I’ve been with my current boyfriend for five years and he is my other half – he’s brilliant with my sister, kind and patient with my mother, and dependable. During our relationship, I’ve lost weight and look like a different girl. Still, my self-esteem is so low that I’ll avoid a deserved argument, afraid that someone will pick my appearance apart – fearful that I’ll be fat and fifteen again, crying in my bathroom.
Last year, my life took a turn for the worse.
I was being intimidated by my roommate’s boyfriend and felt so unhappy, lower than I’d ever been. My boyfriend and I were fighting and I was sure he was going to dump me. I’d found out that my father may have fathered a child with one of my mother’s closest friends and the child is very, very ill so the woman regularly comes to my house begging my mother for handouts and sympathy. My world had crumbled, so that when a friend – someone I considered to be like a brother – offered to take me out for a drink, I accepted.
At the bar, this friend of both myself and my boyfriend told me he’d broken up with his girlfriend and wanted to drown his sorrows. I got drunker and drunker so when he said he should go back to his place and get on Chatroulette (something we’d always done while drunk) that sounded fun.
When we got there, he realized he’d forgotten his laptop and mentioned we should probably go to sleep – I was too drunk to walk home, I should stay over. I had no issues with this – he was my “brother” after all – so I drunkenly pulled off my jeans getting ready for bed. On the verge of sleep and too drunk to know my own name, all of a sudden I was fifteen again, feeling pressured to allowing something to happen. I lay there not realizing that what was happening wasn’t right before shouting “stop!” He may have stopped, I think he probably did, but I was already unconscious.
I woke up later to him touching me, my pants pulled to one side. I lay for a second and the only thing I remember before I had the urge to vomit, was disappointment. Disappointment that he’d done this, for instigating this while I was drunk. Disappointment gave way to numbness. I stumbled to the bathroom and vomited. I looked at my face in the mirror – I wasn’t connecting thoughts together, I felt I was a completely different person – lost and bewildered. I stumbled back the bed, still too drunk to walk home. Besides, I reasoned, he probably didn’t mean to do it. I lay as far away from him as I could, my thighs clenched like a vice and my back to him.
He wouldn’t dare do it again.
I fell into unconscious or a heavy, deep sleep again and woke up to him doing it again. I was afraid he’d say something mean about the way I look or emotionally blackmail me into silence. So I just lay there, my head turned to the wall, my eyes glassy, my face pale as I vomited until I bled and my friend molested me. I was a child again, not understanding what was happening, merely knowing that it was outside my comfort zone and that I wasn’t enjoying what was happening.
I gathered the urge to say stop in a way that I knew would draw his attention. I don’t know why, but I knew that something was holding me back from telling him that what he was doing was wrong; a hunch that he would turn nasty. I told him to stop. He replied, “come on, no one will find out,” to which I replied “no!” once again.

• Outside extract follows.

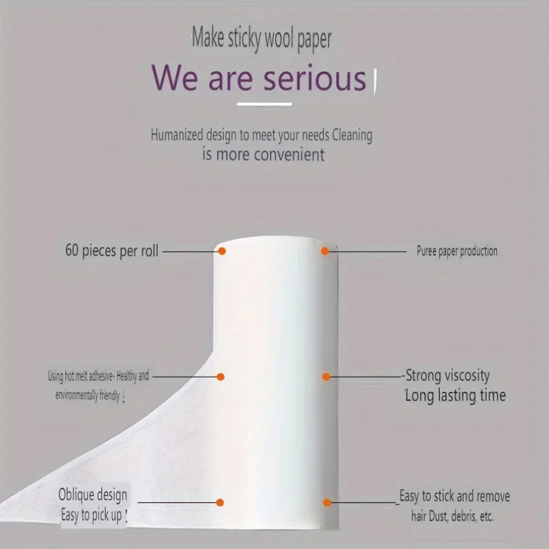 Extra-Sticky Lint Roller for Pet Hair Removal 60 Sheets/Roll,Ideal for Dog & Cat Owners,Perfect for Clothes & Furniture Cleaning
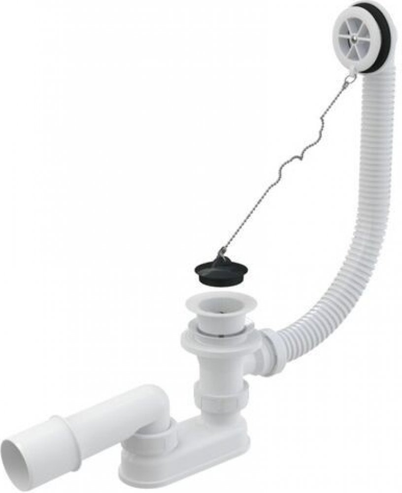Alcadrain sifon vanový bílý, pro vany standardních rozměrů, s otvorem Ø 5,2 cm, materiál polypropylen, délka 57 cm, krytky chrom, zavírání pomocí zátky, zápachová uzávěrka 5 cm, odolnost zápachové uzávěrky 588 Pa, průtok 43 l/min, napojení na odpad Ø 5 cm.

My memory is fuzzy with pain, drunkenness, violation, numbness. I don’t think that he stopped, despite keeping my back to him, despite saying no, despite showing my discomfort. My brain told me that it might be over sooner if I pretended to play along, but I couldn’t keep up the act beyond a few seconds. I lay there, shivering, clutching my stomach while he rubbed his penis along my back.
Eventually I woke up feeling well enough to get away from him. Numbly, I informed him that as far as I was concerned that nothing happened; that I wanted to forget the whole thing. In my mind it was true, during those horrible few hours I never kissed him, touched him, or was in any way sexually excited.
Six months later my numbness is fading – now I’m having panic attacks and crying every day. What happened as a betrayal I see as a betrayal of my boyfriend. The guy who molested me was his friend. He assures me that he forgives me but that he wants to know who assaulted me.
I can’t tell him.
I want to. So badly.
I want him to know that the person he smiles when he mentions was my attacker. I want to come clean to him – tell him everything. The logical side of my brain tells me that if I do, my life might be over. I’d lose a lot of friends, my abuser could say that what happened was a fling – anything but the truth. My family and his would be at logger heads; not a good idea in our small community.
I hate him, but I miss the friend he was. I’m writing this because I’m sick of feeling depressed, full of guilt and shame. I’m sick of looking at my male friends and wondering would they hurt me like that? would they touch me while I threw up?
I worry I’m victimising myself when I wasn’t actually a victim; my memories of that day change like crazy – I can’t be certain what actually happened. One minute I see I was sexually assaulted while the next an evil voice at the back of my head cuts me down.
How do I even begin to move on from this?
My life feels like a black hole that’s physically and emotionally destroying me.
I am finally coming to accept that my mother has a variety of mental illness. I’ve known all my life something was wrong. Mostly I have ignored it, and even joked about it, trying to blow off steam.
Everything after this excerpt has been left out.